---------- Source data

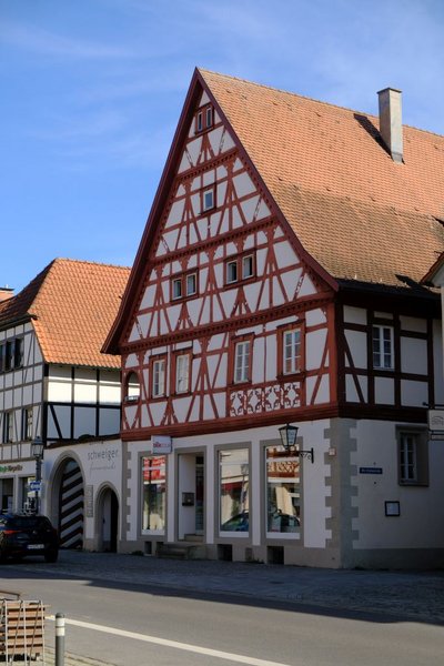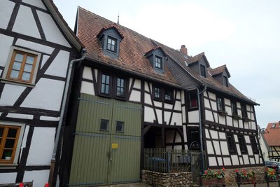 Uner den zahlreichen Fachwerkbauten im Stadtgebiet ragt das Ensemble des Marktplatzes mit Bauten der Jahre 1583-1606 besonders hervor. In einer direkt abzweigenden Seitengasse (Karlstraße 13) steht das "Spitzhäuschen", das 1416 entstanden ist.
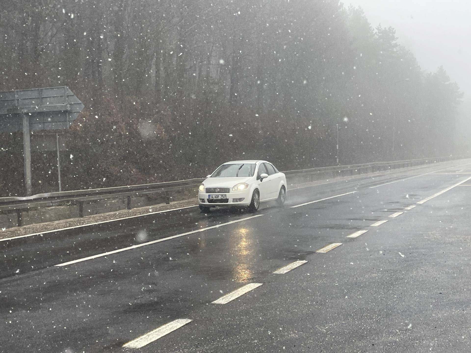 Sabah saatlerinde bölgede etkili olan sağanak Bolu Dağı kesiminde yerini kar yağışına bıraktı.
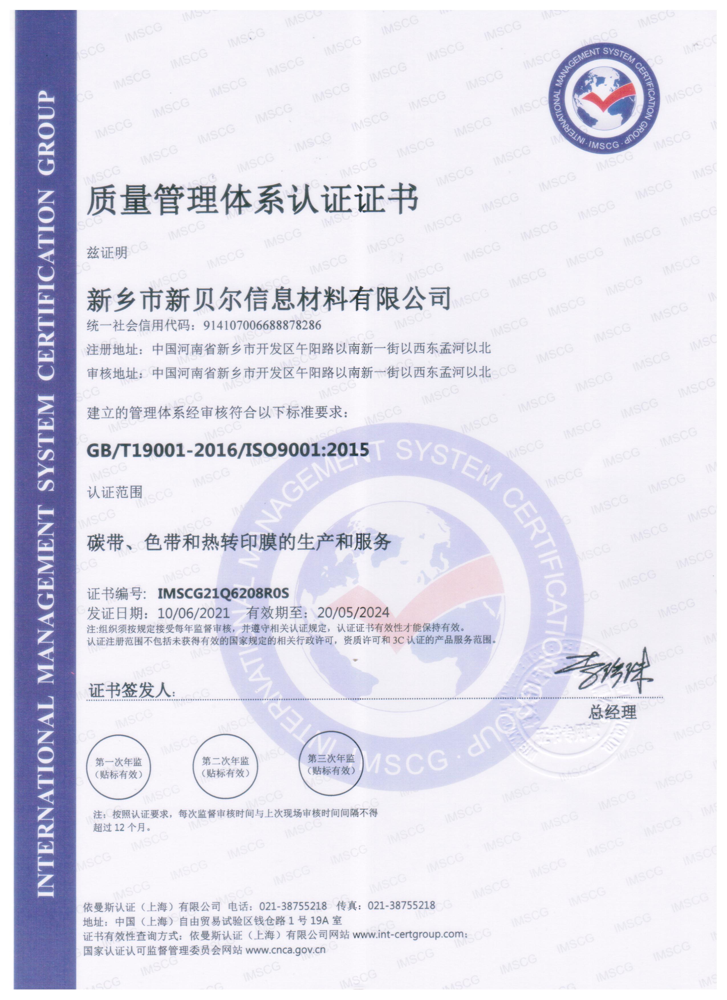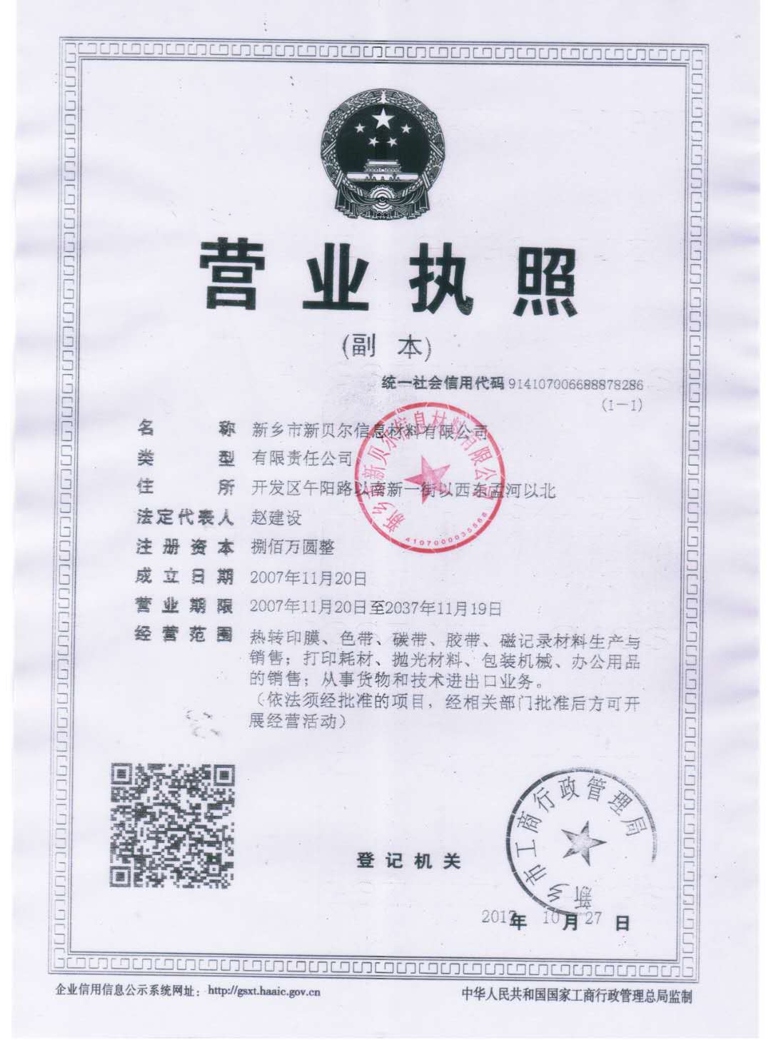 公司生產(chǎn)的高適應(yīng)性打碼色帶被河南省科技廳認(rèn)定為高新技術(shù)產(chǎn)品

--------------------
---------- Source data

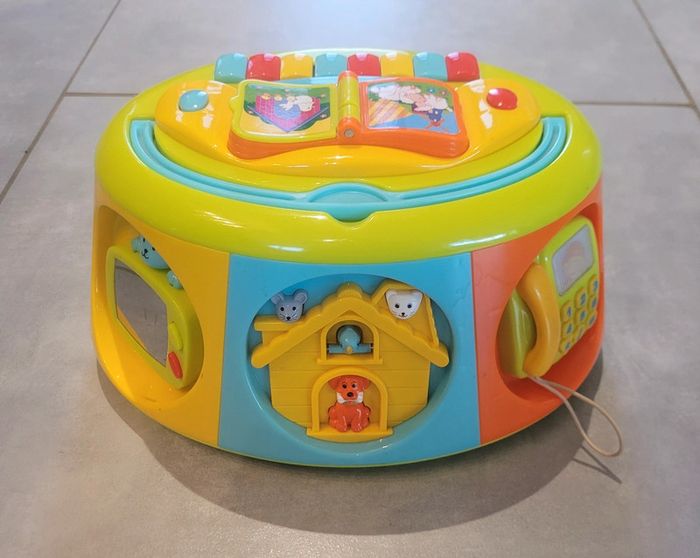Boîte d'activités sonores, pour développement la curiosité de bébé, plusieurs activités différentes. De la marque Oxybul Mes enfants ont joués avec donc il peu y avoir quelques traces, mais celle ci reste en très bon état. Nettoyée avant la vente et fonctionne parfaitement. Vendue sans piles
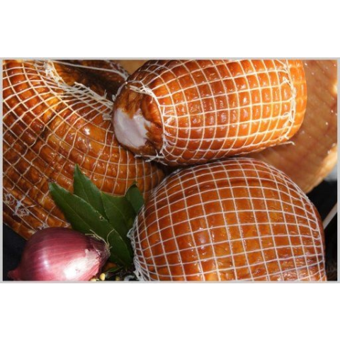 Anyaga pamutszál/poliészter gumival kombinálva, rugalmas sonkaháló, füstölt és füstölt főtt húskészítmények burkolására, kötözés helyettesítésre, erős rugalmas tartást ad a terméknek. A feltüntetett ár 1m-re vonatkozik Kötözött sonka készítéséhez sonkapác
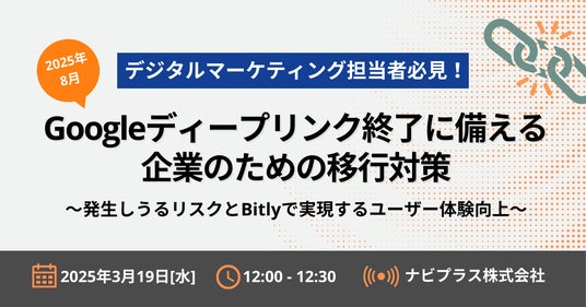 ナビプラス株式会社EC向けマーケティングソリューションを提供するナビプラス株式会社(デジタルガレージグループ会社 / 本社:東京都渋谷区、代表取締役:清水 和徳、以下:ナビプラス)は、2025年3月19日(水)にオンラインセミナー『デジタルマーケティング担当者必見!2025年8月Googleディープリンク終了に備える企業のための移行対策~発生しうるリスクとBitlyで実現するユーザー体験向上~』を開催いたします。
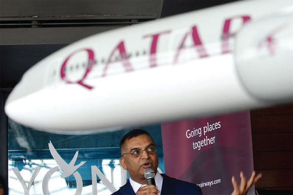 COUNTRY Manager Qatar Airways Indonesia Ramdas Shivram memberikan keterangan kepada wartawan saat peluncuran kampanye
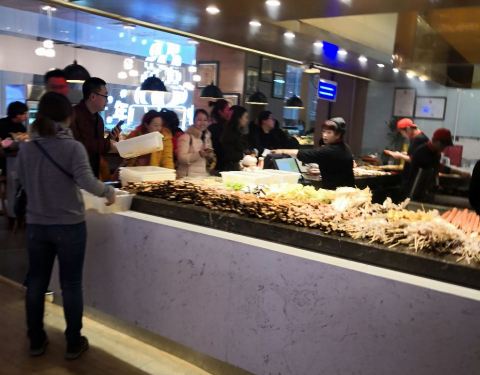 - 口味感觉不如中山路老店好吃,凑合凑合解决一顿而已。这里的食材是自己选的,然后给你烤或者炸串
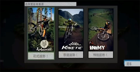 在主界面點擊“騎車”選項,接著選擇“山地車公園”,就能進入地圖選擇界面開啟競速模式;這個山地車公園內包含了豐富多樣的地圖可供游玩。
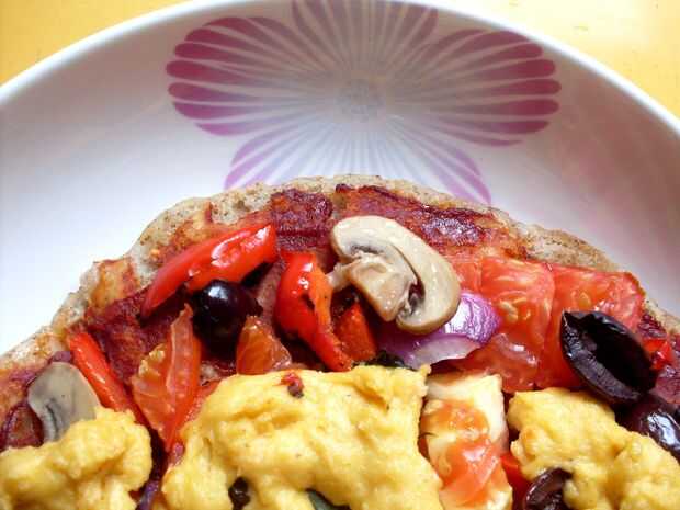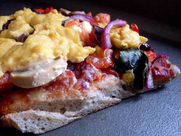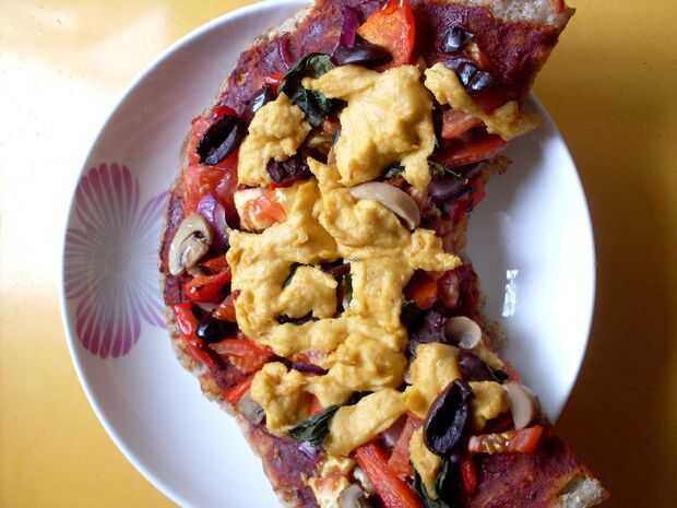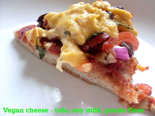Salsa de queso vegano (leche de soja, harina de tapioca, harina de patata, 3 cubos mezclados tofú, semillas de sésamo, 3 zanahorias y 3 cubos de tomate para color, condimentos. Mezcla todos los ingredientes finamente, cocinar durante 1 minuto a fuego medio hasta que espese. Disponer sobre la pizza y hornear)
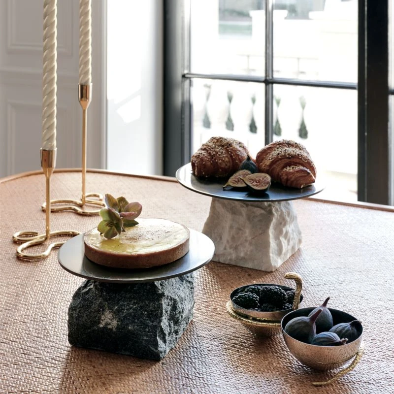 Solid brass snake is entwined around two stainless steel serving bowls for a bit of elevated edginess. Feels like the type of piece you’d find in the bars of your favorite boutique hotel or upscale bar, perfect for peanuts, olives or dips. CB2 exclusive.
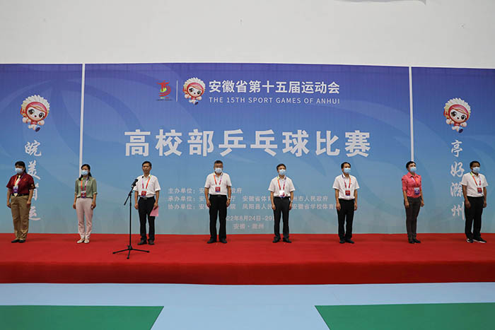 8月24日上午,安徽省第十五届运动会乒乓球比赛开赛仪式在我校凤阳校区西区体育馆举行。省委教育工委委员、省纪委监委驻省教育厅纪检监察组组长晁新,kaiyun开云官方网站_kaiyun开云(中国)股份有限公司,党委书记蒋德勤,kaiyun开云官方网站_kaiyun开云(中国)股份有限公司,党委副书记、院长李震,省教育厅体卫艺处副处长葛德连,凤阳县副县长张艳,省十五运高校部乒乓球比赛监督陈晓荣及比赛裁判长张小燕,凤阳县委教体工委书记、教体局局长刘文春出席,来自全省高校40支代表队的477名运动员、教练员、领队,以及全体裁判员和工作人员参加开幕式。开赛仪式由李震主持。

--------------------

→ Aim of the task
Give back exactly, and solely, the section of the data above bounded by the line containing "Boîte d'activités sonores, pour" and the line containing "Solid brass snake", both bounding lines included and pictures omitted.

→ Response for this exercise
Boîte d'activités sonores, pour développement la curiosité de bébé, plusieurs activités différentes. De la marque Oxybul Mes enfants ont joués avec donc il peu y avoir quelques traces, mais celle ci reste en très bon état. Nettoyée avant la vente et fonctionne parfaitement. Vendue sans piles
 Anyaga pamutszál/poliészter gumival kombinálva, rugalmas sonkaháló, füstölt és füstölt főtt húskészítmények burkolására, kötözés helyettesítésre, erős rugalmas tartást ad a terméknek. A feltüntetett ár 1m-re vonatkozik Kötözött sonka készítéséhez sonkapác
 ナビプラス株式会社EC向けマーケティングソリューションを提供するナビプラス株式会社(デジタルガレージグループ会社 / 本社:東京都渋谷区、代表取締役:清水 和徳、以下:ナビプラス)は、2025年3月19日(水)にオンラインセミナー『デジタルマーケティング担当者必見!2025年8月Googleディープリンク終了に備える企業のための移行対策~発生しうるリスクとBitlyで実現するユーザー体験向上~』を開催いたします。
 COUNTRY Manager Qatar Airways Indonesia Ramdas Shivram memberikan keterangan kepada wartawan saat peluncuran kampanye
 - 口味感觉不如中山路老店好吃,凑合凑合解决一顿而已。这里的食材是自己选的,然后给你烤或者炸串
 在主界面點擊“騎車”選項,接著選擇“山地車公園”,就能進入地圖選擇界面開啟競速模式;這個山地車公園內包含了豐富多樣的地圖可供游玩。
Salsa de queso vegano (leche de soja, harina de tapioca, harina de patata, 3 cubos mezclados tofú, semillas de sésamo, 3 zanahorias y 3 cubos de tomate para color, condimentos. Mezcla todos los ingredientes finamente, cocinar durante 1 minuto a fuego medio hasta que espese. Disponer sobre la pizza y hornear)
 Solid brass snake is entwined around two stainless steel serving bowls for a bit of elevated edginess. Feels like the type of piece you’d find in the bars of your favorite boutique hotel or upscale bar, perfect for peanuts, olives or dips. CB2 exclusive.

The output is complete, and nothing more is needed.